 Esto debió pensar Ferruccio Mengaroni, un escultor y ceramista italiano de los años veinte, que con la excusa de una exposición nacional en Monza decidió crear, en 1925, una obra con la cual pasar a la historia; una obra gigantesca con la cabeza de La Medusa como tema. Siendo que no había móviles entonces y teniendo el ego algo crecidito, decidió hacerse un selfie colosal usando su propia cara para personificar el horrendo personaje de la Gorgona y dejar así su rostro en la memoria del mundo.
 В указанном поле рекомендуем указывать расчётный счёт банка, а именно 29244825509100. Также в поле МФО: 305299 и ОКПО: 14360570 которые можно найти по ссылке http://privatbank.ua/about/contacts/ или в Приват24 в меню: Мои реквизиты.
==
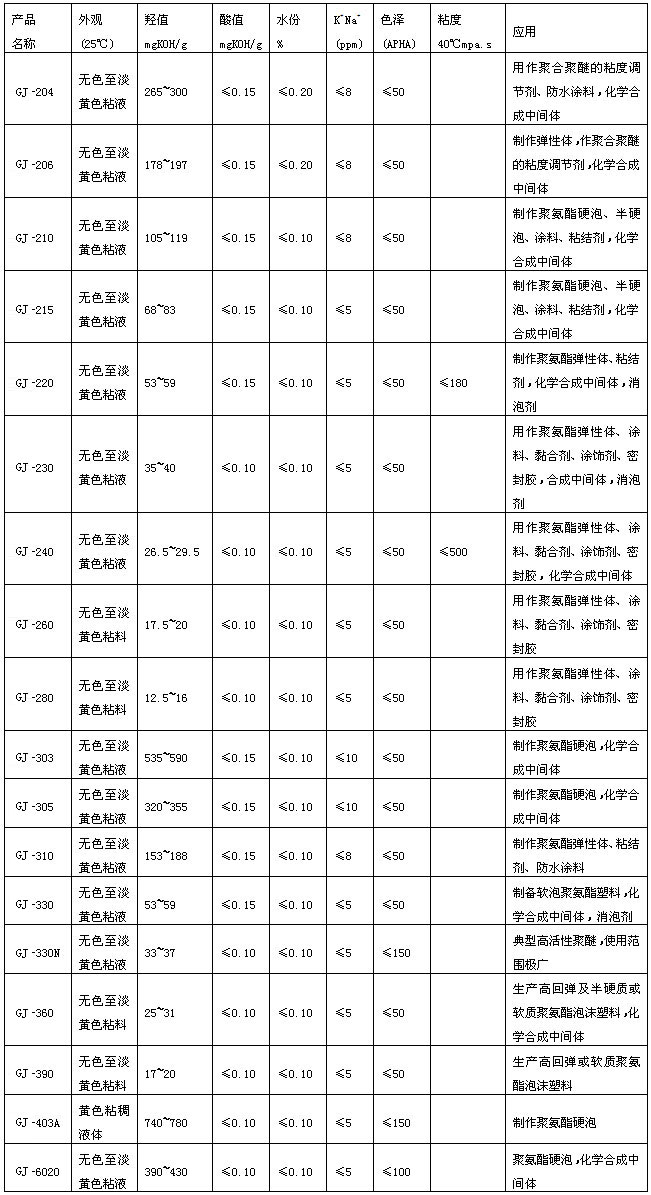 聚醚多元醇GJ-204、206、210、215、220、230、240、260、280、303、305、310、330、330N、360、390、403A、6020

## Work required:
As listed above, the lines from the line with "Esto debió pensar" to the line with "В указанном поле" are to be echoed exactly, with both ends included and nothing added.

## Solution for this exercise:
 Esto debió pensar Ferruccio Mengaroni, un escultor y ceramista italiano de los años veinte, que con la excusa de una exposición nacional en Monza decidió crear, en 1925, una obra con la cual pasar a la historia; una obra gigantesca con la cabeza de La Medusa como tema. Siendo que no había móviles entonces y teniendo el ego algo crecidito, decidió hacerse un selfie colosal usando su propia cara para personificar el horrendo personaje de la Gorgona y dejar así su rostro en la memoria del mundo.
 В указанном поле рекомендуем указывать расчётный счёт банка, а именно 29244825509100. Также в поле МФО: 305299 и ОКПО: 14360570 которые можно найти по ссылке http://privatbank.ua/about/contacts/ или в Приват24 в меню: Мои реквизиты.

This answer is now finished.